SC25 Proceedings

Workshops Archive

MPI Communication Performance on AMD MI300A: Microbenchmarks and Applications

Workshop: 7th International Workshop on Emerging Parallel Distributed Runtime Systems and Middleware

Authors: Goutham Kalikrishna Reddy Kuncham (The Ohio State University) and Siyuan Zhang, Shoaib Mohammad, Chen-Chun Chen, and Dhabaleswar K. Panda (Ohio State University)

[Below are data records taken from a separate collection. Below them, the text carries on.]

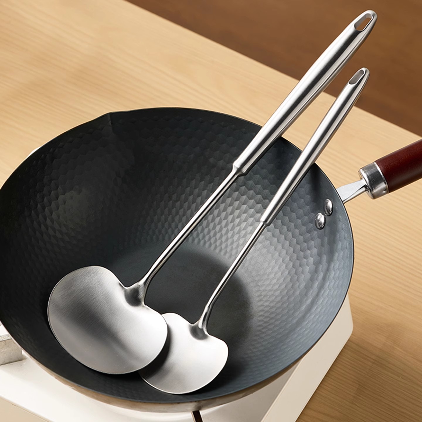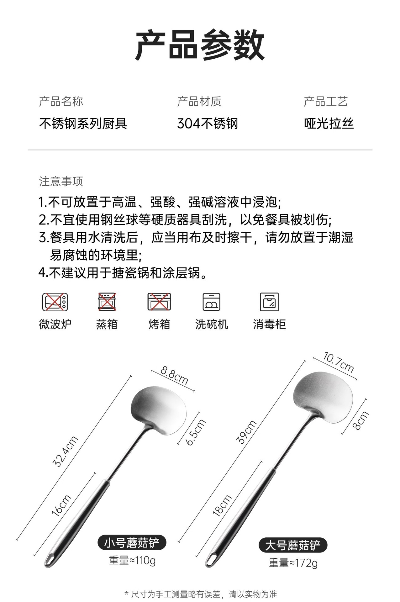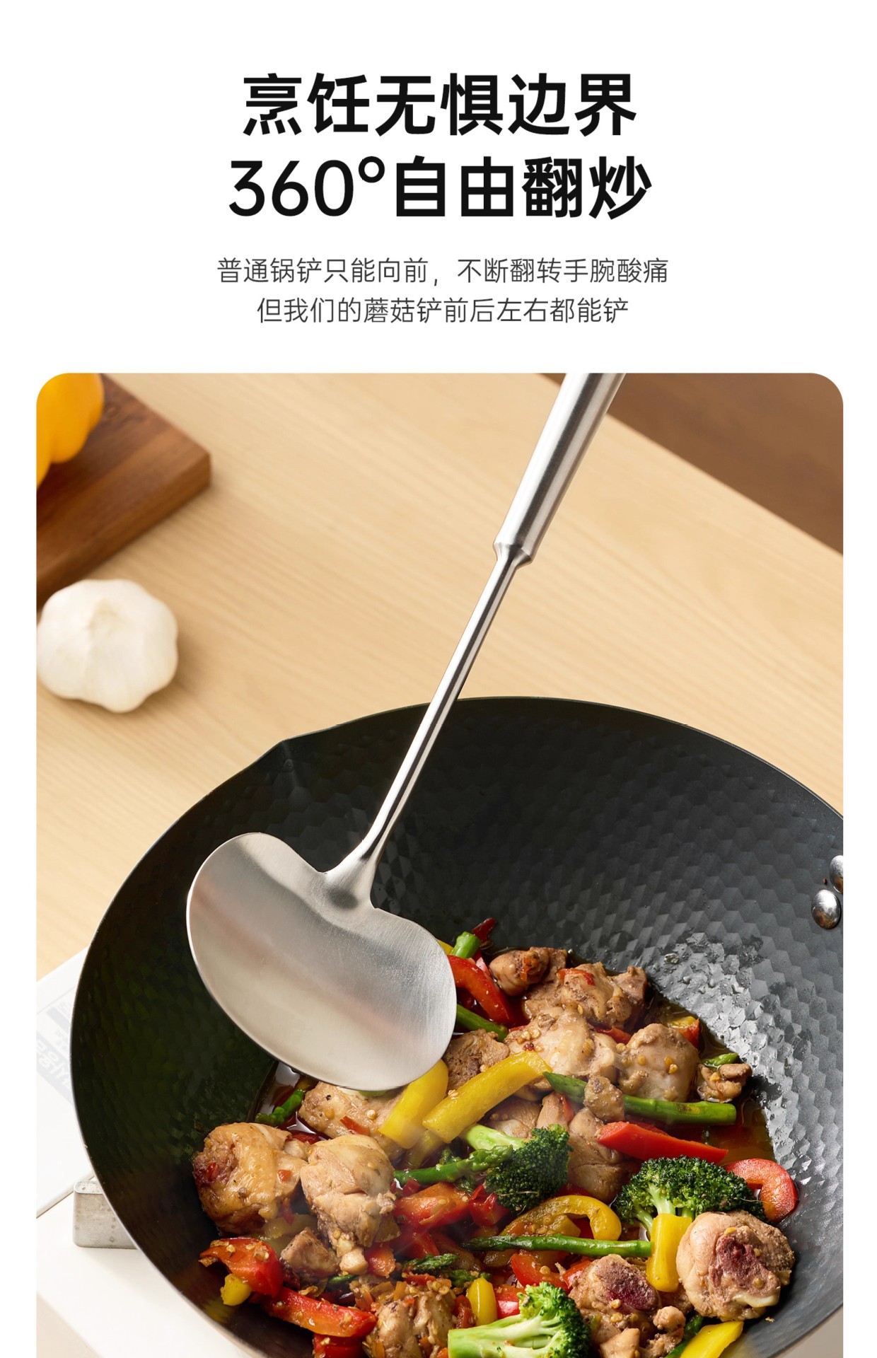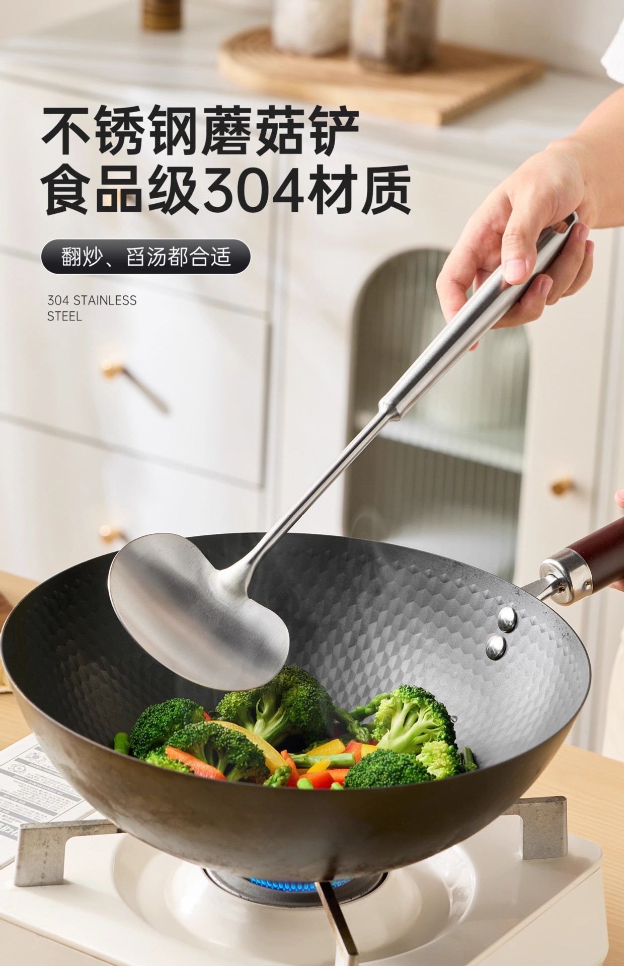 두꺼운 304 스테인레스 스틸 버섯 주걱 가정용 주걱 세트 주방 화상 방지 프라이팬 주걱 올인원 올 스틸 프라이팬 주걱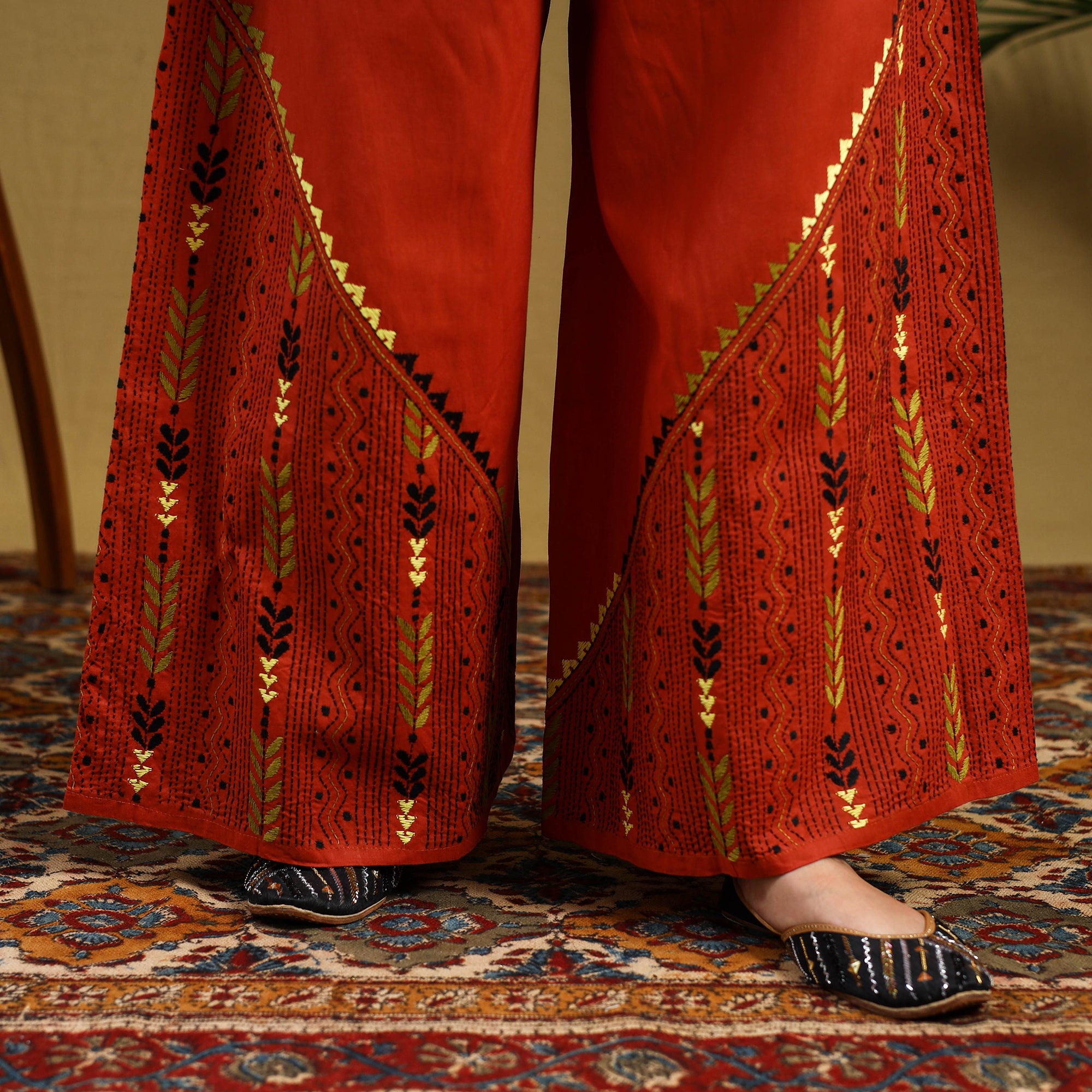 Orange - Cotton Bengal Kantha Hand Embroidery Palazzo 54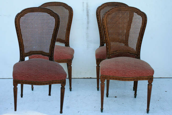 | Espectacular juego de 4 sillas estilo francés Luis XVI con respaldo de esterilla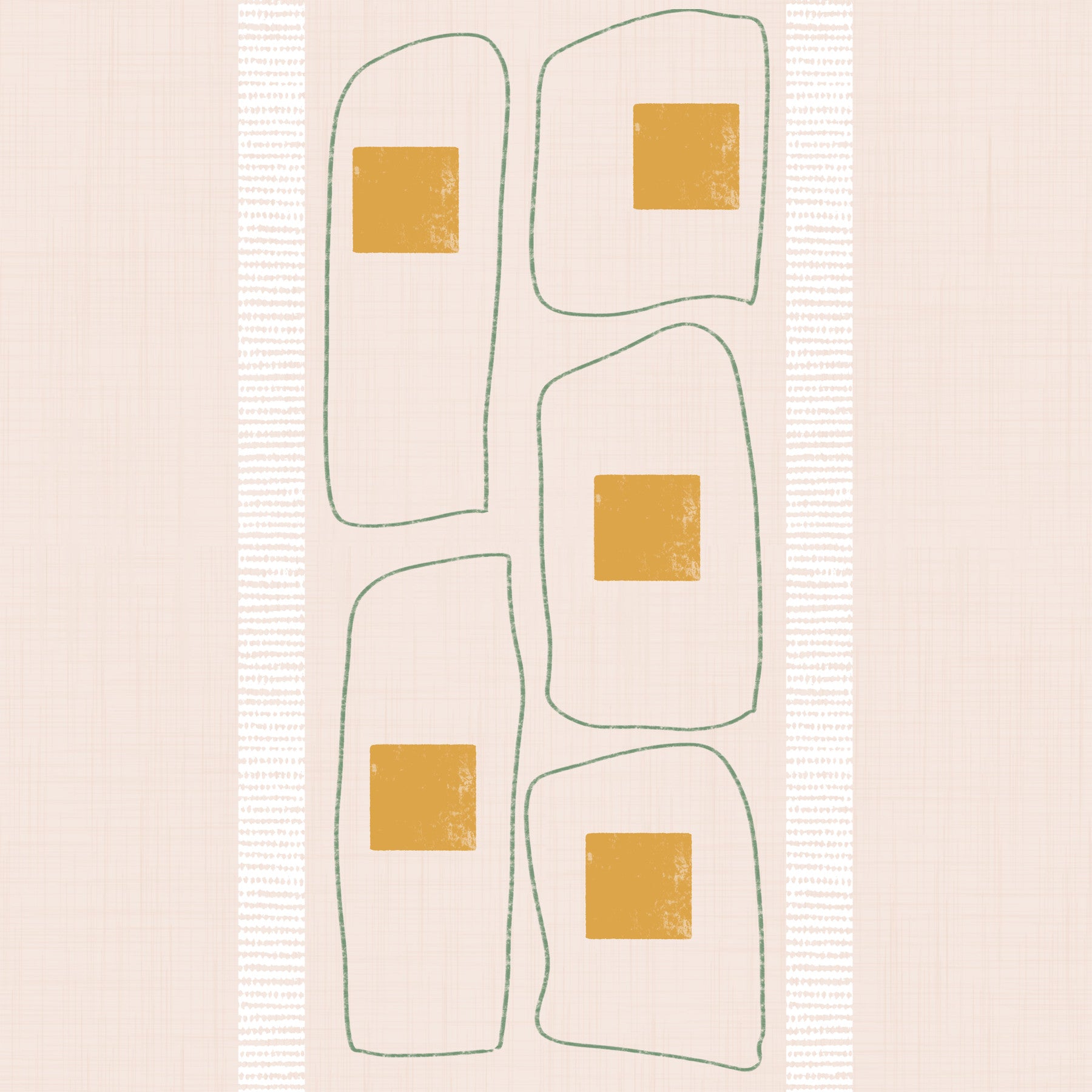 Embrace minimalist serenity with this 'Japandi Frame Lines Eggshell' wallpaper. Subtle sage green lines frame soft, eggshell-colored shapes punctuated by warm mustard yellow squares. The design evokes a sense of calm and balance, perfectly capturing the essence of Japandi style. Vertical dotted lines add a textural element, enhancing the overall soothing aesthetic. This wallpaper is ideal for creating a tranquil and sophisticated atmosphere in any space, adding a touch of understated elegance to your digital devices.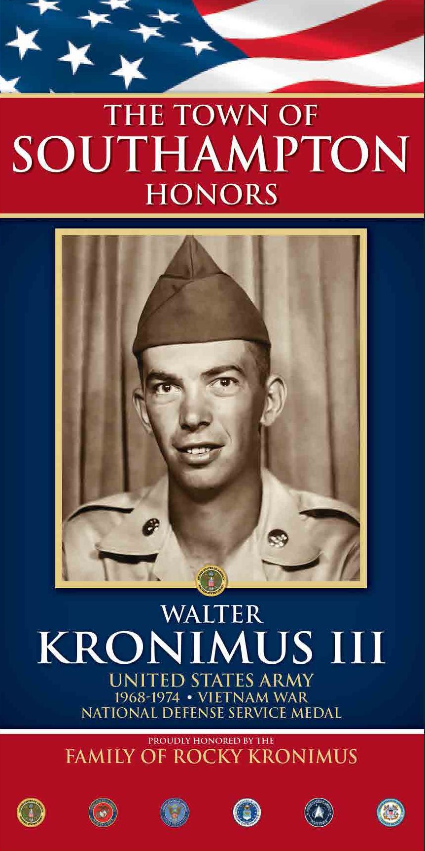 Walter “Rocky” Kronimus III was born May 17, 1944, in Garden City to Elizabeth Becker and Walter Kronimus Jr. He married Lucia Leone on April 9, 1967. They lived in Levittown until he was drafted into the U.S. Army. He served in Fort Knox, Kentucky and was later stationed in Vietnam. Upon his return from Vietnam, he, along with his father and father-in-law, built the house in which he raised his family and lived for 45 years.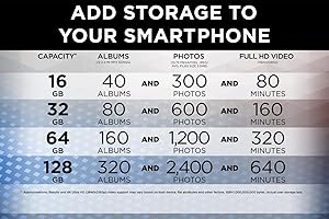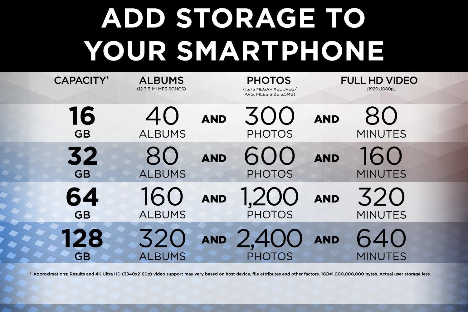 SanDisk Memory Zone App for Easy File ManagementAvailable from the Google Play store, the SanDisk Memory Zone app lets you view, access, and back up all the files from your phone's memory in one location (4). It can also automatically move files from your device to your card to free up space. | Durable Design for Use in Extreme EnvironmentsSanDisk Ultra microSDXC UHS-I Cards are shockproof, temperature-proof, waterproof, and X-ray-proof (3), so you can enjoy your adventures without worrying about the durability of your memory card. | Choose the Amount of Storage You NeedThe amount of capacity you need depends on the types of files you have, how big they are, and how many there are. The chart above gives you an idea of how many photos and hours of video you can store for each capacity. |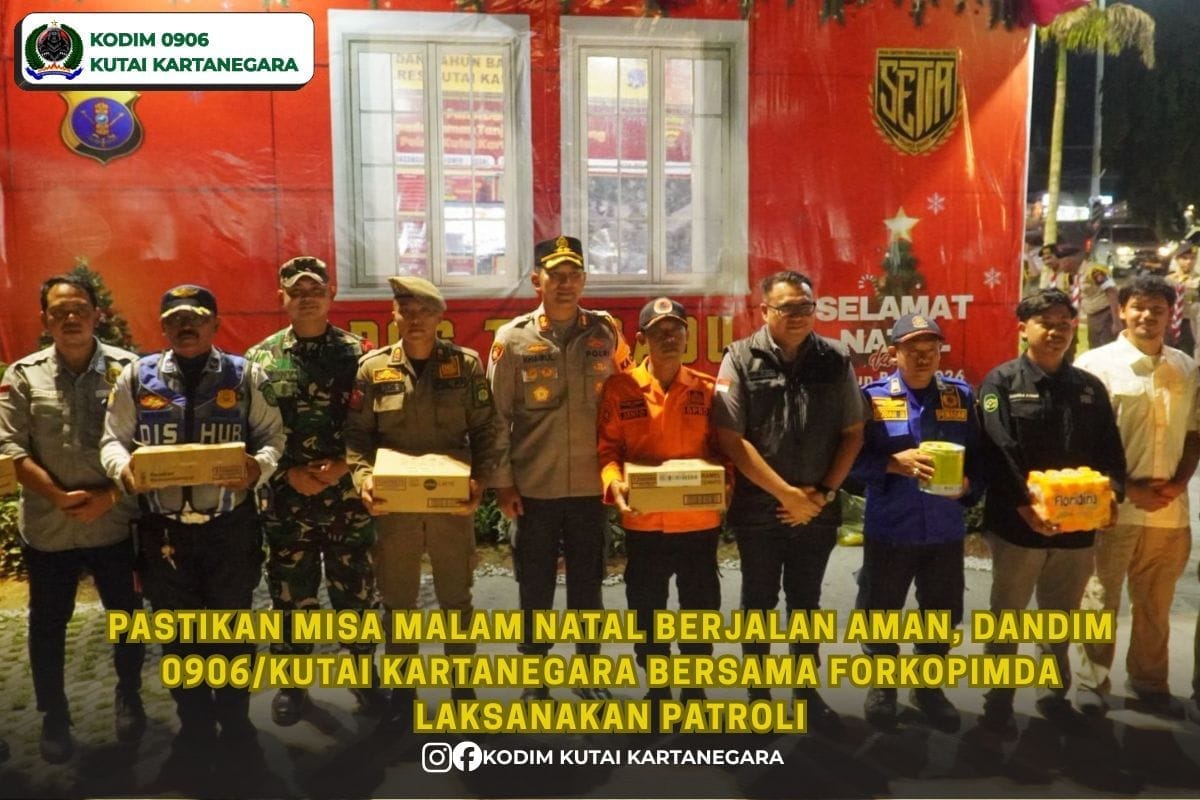 Kutai Kartanegara, buserinvestigasi.id– Komandan Kodim 0906/Kutai Kartanegara (Kkr), Letkol Arm. Benny Budiman, S.A.P, bersama jajaran Forum Koordinasi Pimpinan Daerah (Forkopimda) Kabupaten Kutai Kartanegara pada rabu malam (24/12/25) melaksanakan patroli gabungan ke sejumlah gereja yang berada di wilayah Kecamatan Tenggarong, Kukar.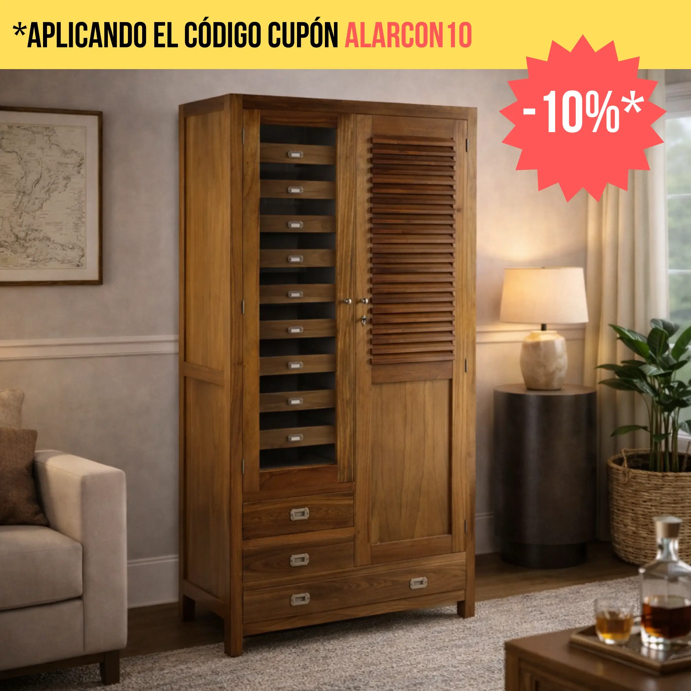 Ofrecemos una amplia variedad de armarios, tanto grandes como pequeños, para ajustarnos a tus necesidades específicas. Si buscas un estilo audaz y robusto, nuestros armarios industriales son la opción perfecta. Para un entorno exótico y acogedor, los armarios de estilo étnico serán tus mejores aliados.
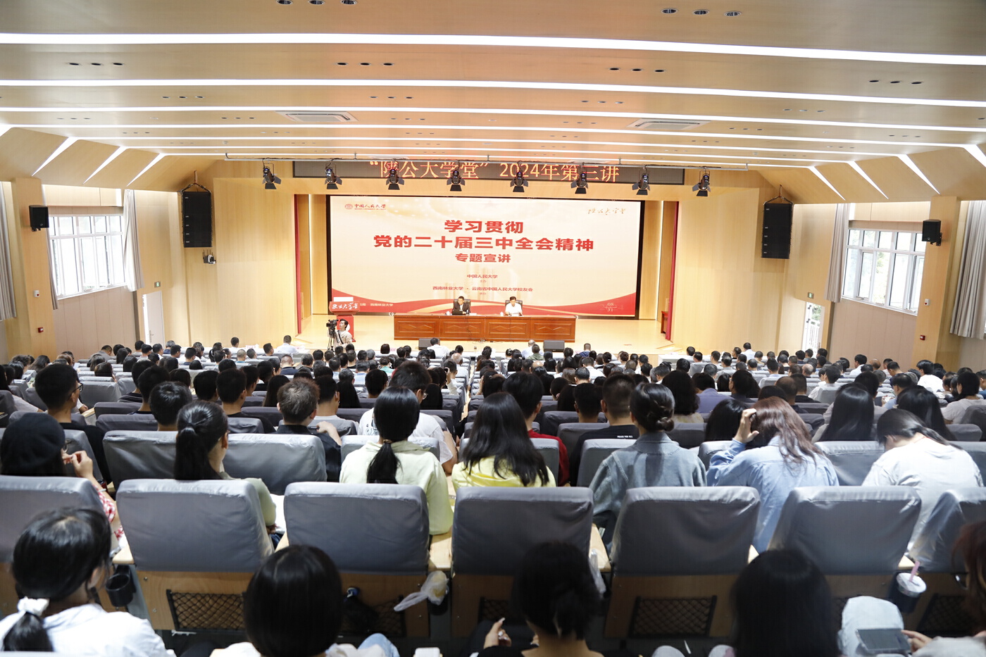 8月31日,中国人民大学“陕公大学堂”2024年第三讲在西南林业大学开讲。中国人民大学吴玉章特聘教授、博士生导师裴建锁教授作为主讲人,为西林师生带来了一场学习贯彻党的二十届三中全会精神的专题宣讲会。

Abstract: AMD’s MI300A integrates CPU and GPU chiplets around a shared HBM3 pool, removing the traditional host-device boundary and changing assumptions in GPU-aware MPI. Despite early deployments, there is little guidance on how mainstream MPI libraries behave on this architecture. This evaluation paper presents a comparative study of MVAPICH-Plus, Open MPI, MPICH, and Cray MPICH on MI300A APU nodes. We measure point-to-point performance on CPU and GPU buffers, reporting intra-node and inter-node latency, unidirectional bandwidth, and bidirectional bandwidth across various message sizes. We then examine collectives, covering reduction-based and data-movement-based operations, and analyze scaling behavior. Finally, we connect microbenchmark trends to application results using OpenFOAM and Distributed training of a large language model (LLM) with Pytorch. The study distills practical guidance and highlights opportunities for MI300A-aware optimizations in MPI.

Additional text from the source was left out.